Parameter name: value
   at System.Xml.Linq.XElement.set_Value(String value)
   at TechNuts.ScraperXML.ScraperSetting.Serialize() in E:\Visual Studio 2008\Projects\TechNuts\TechNuts\ScraperXML\ScraperSettings.cs:line 163
   at TechNuts.ScraperXML.ScraperSettings.Serialize() in E:\Visual Studio 2008\Projects\TechNuts\TechNuts\ScraperXML\ScraperSettings.cs:line 24
   at TechNuts.ScraperXML.ScraperParser.GetSettings() in E:\Visual Studio 2008\Projects\TechNuts\TechNuts\ScraperXML\ScraperParser.cs:line 443
   at TechNuts.ScraperXML.ScraperInfo..ctor(String xmlPath) in E:\Visual Studio 2008\Projects\TechNuts\TechNuts\ScraperXML\ScraperInfo.cs:line 122
   at ScraperXML_Test_Program_CSharp.Form1.Form1_Load(Object sender, EventArgs e) in E:\Visual Studio 2008\Projects\TechNuts\ScraperXML Test Program CSharp\Form1.cs:line 46
   at System.Windows.Forms.Form.OnLoad(EventArgs e)
   at System.Windows.Forms.Control.CreateControl(Boolean fIgnoreVisible)
   at System.Windows.Forms.Control.CreateControl()
   at System.Windows.Forms.Control.WmShowWindow(Message& m)
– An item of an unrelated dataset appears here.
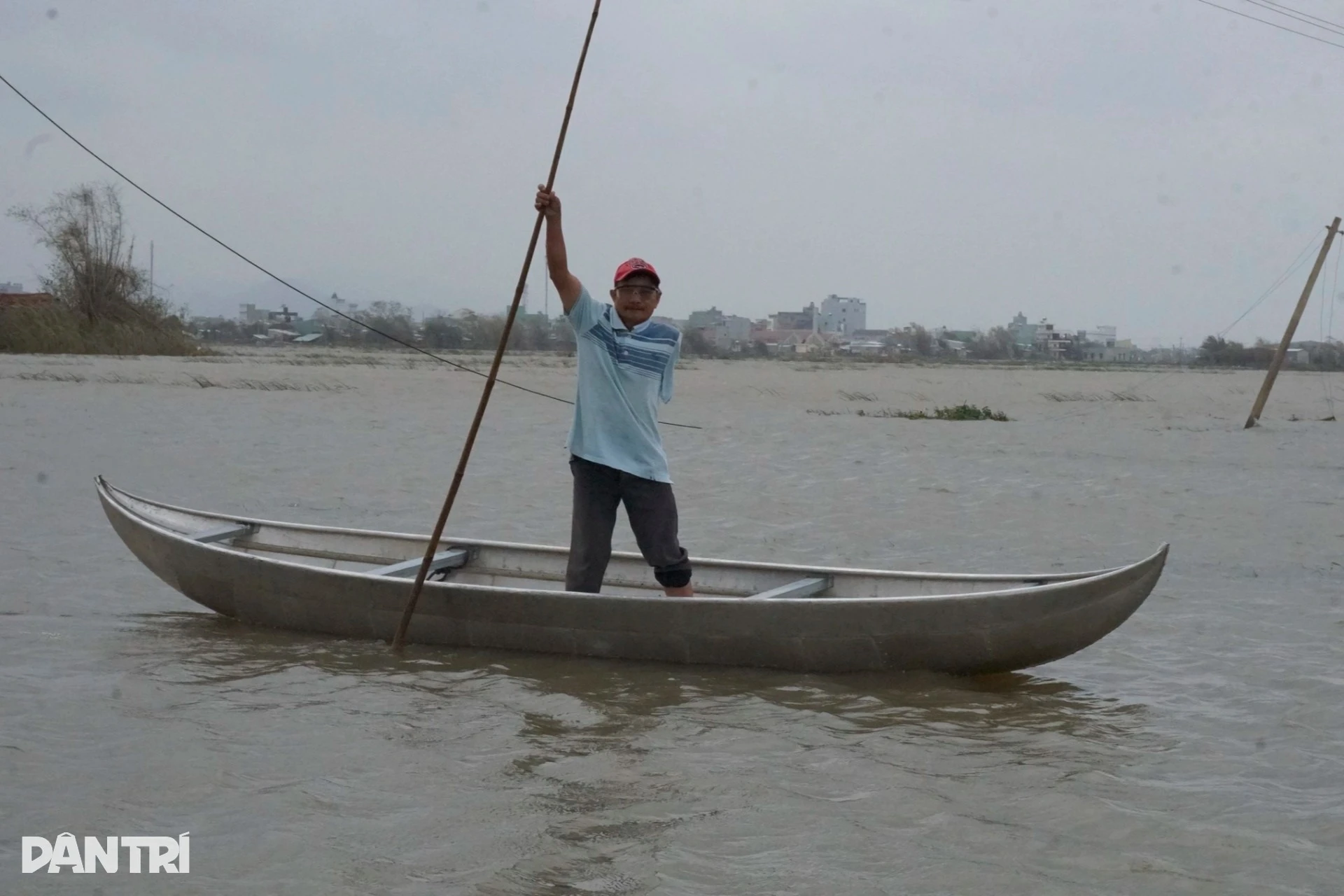 Chiều 27/11, người dân thôn Lạc Điền, xã Tuy Phước Đông, tỉnh Gia Lai vẫn di chuyển bằng thuyền để đi nhận hàng cứu trợ (Ảnh: Doãn Công).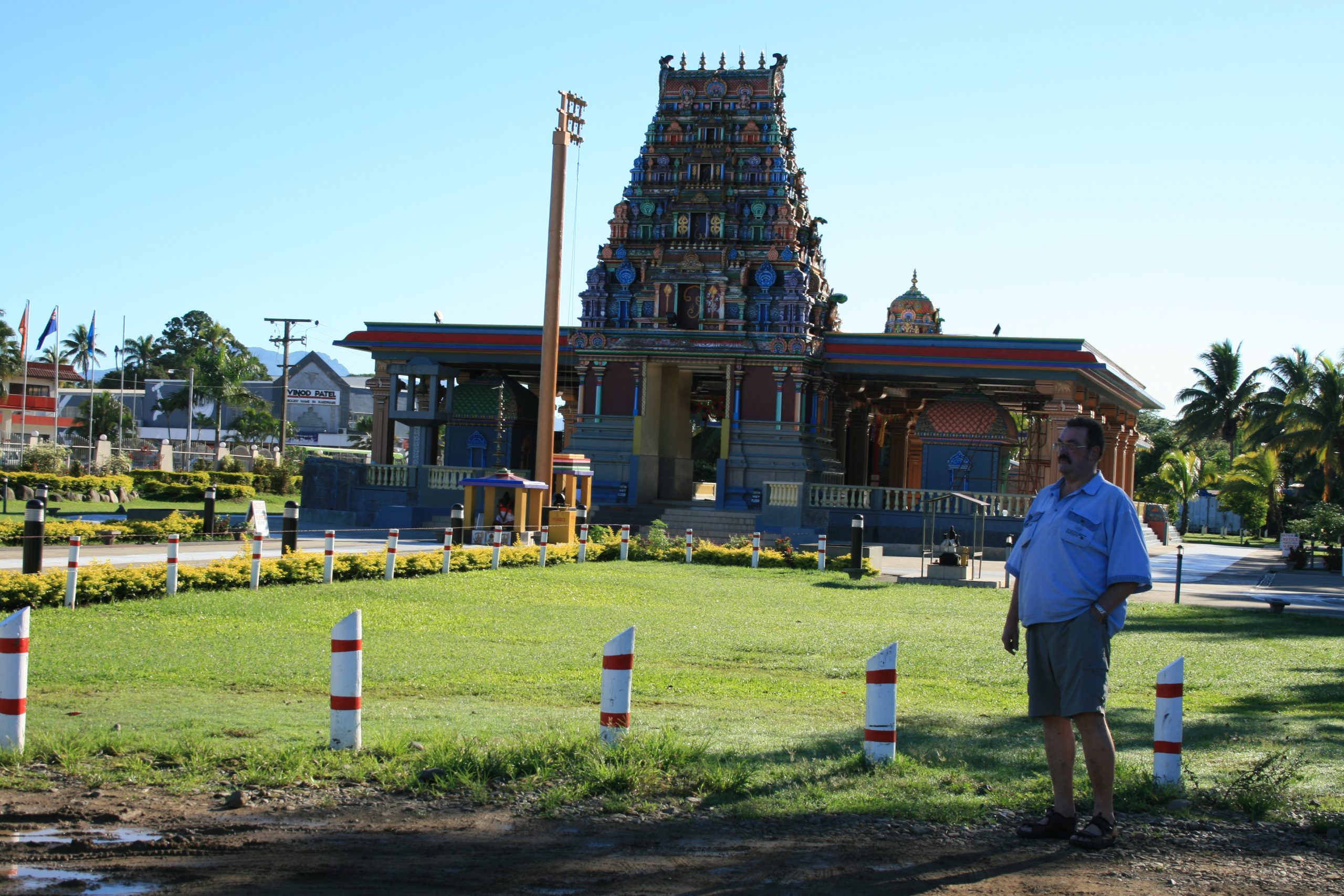 Als erstes auf unserer Weiterfahrt auf der Kingsroad kamen wir nach Tavua und dort trafen wir ein paar Schulkinder. Diese tragen hier eine Schuluniform und die sahen hier hübsch aus und da gibt es keine Hänselleien, wie bei uns, die einen tragen Markenklamotten und andere können das nicht. An einer Holzbrücke sahen wir, wie ein kleiner Sugartrain seine Ladung verloren hat und mitsamten Wagon in den Fluss gestürzt war. Norbert wollte dem ganzen Treiben mal fotografieren. Alle haben sie erst einmal blöd in den Fluss geschaut und es tat sich nichts. Wer weiß, wieviele Stunden, Tage, Wochen dabei drauf gingen. Als er wieder kam, musste ich lachen, er lief breitbeinig, als ob er in die Hosen gepinkelt hat. Als ich ihn fragte, warum er so gelaufen ist, da sagte er, in der Brücke haben sämtliche Bretter gefehlt und er ist nur auf den Pfosten lang gelaufen. In Deutschland hätte man so eine Brücke schon längst gesperrt, aber hier stört das niemandem.. Weiter geht es nach Ba, eine wunderschöne Stadt, wo sogar in den Fluss ein indischer Tempel gebaut war. Mitten durch die Stadt schlängelte sich ein riesenlanger Sugartrain. Keine Absperrung nichts trug zur Vorsicht bei. Aber nun mussten wir etwas schneller machen, denn die Zeit bis zur Abgabe wurde knapp. Von weitem sahen wir ein riesengroßes Kreuzfahrtschiff im Hafen von Lautoka liegen. Am Airport von Nadi fragten wir nochmal nach, was uns ein Verlängerungstag kosten würde, doch der Preis war uns zu utopisch. Wir mussten auch noch voll tanken, doch nun verfuhren wir uns auch noch in Nadi, wir bogen am Kreisverkehr die falsche Ausfahrt raus. Wir kamen von der falschen Seite nach Nadi und es wurde immer enger, wir waren schon total nervös, aber die Dame von Roses Hollydays sah das sehr locker. Leider konnten wir unser Zimmer im Hotel noch nicht beziehen, erst ab 2 Uhr. Da gingen wir noch einmal zum Supermarkt rüber, um uns für die kommende Woche noch einzudecken. Im Hotel bekamen wir ein Superior Deluxe Suite, ein sehr schönes großes Zimmer mit Terrasse zum Pool. Mit einem Taxi fuhren wir noch zum Port Denarau, von hier starten die kleineren Schiffe zur Kreuzfahrt durch die Südsee. Wir aßen noch ein leckeres Eis, Norbert sogar ein After Eight. Nach 2 Stunden fuhren wir wieder zurück. Bei einem schönen Bad im Pool ließen wir den schönen Tag ausklingen.

   at System.Windows.Forms.Control.WndProc(Message& m)
   at System.Windows.Forms.Control.ControlNativeWindow.WndProc(Message& m)
   at System.Windows.Forms.NativeWindow.Callback(IntPtr hWnd, Int32 msg, IntPtr wparam, IntPtr lparam)


What part of your Code is crashing it? what exactley is your scraper doing when it has this problem?